Nvidia keeps giving Wall Street everything it wants — without getting rewarded

Yet another case of good financial news from Nvidia failing to generate an enduring positive reaction.

At Nvidia’s GPU Technology Conference, CEO Jensen Huang stressed that the chip designer could be everything to everyone in AI.

And that, along with a mammoth revenue outlook, was everything that Wall Street wanted to hear.

During his keynote, Huang repeatedly said that the chip designer is both vertically integrated (that is, offers all the solutions you need, not just GPUs) and also horizontally open (read: will integrate its offerings into whatever your technology stack happens to be). The headline, however, was his proclamation that AI chip sales would be at least $1 trillion through 2027.
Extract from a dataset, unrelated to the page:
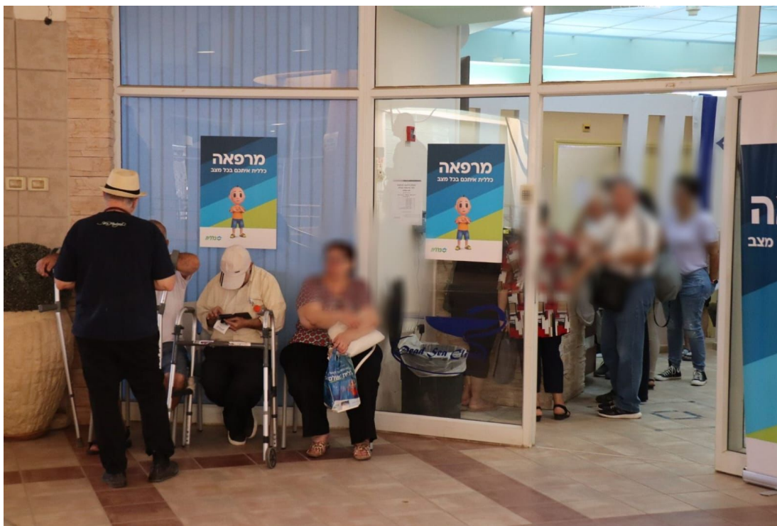
מרפאה של קופת חולים כללית לתושבים שפוננו מיישובי עוטף עזה במלון בים המלח

Per analysts, Nvidia clarified that this $1 trillion guidance applies only to sales of Blackwell (which started shipping in its fiscal Q4 2025, roughly calendar Q4 2024) and Rubin chips, as well as associated networking equipment and CPUs, but not other products that were discussed at GTC. Therefore, the Street anticipates that overall data center sales are likely to come in well above that milestone figure.

Bottom line: no matter how you want to slice it, this number — and its implications for total revenues through calendar year 2027 — is an unmitigated thumbs-up relative to the consensus estimate.

But it’s yet another case of good financial news from Nvidia failing to generate an enduring positive reaction. Shares briefly spiked to session highs after Huang’s revenue guidance, but quickly lost all that advance and closed below where they were trading when the presentation started.

(That’s still better than the stock has done during most high-profile events recently.)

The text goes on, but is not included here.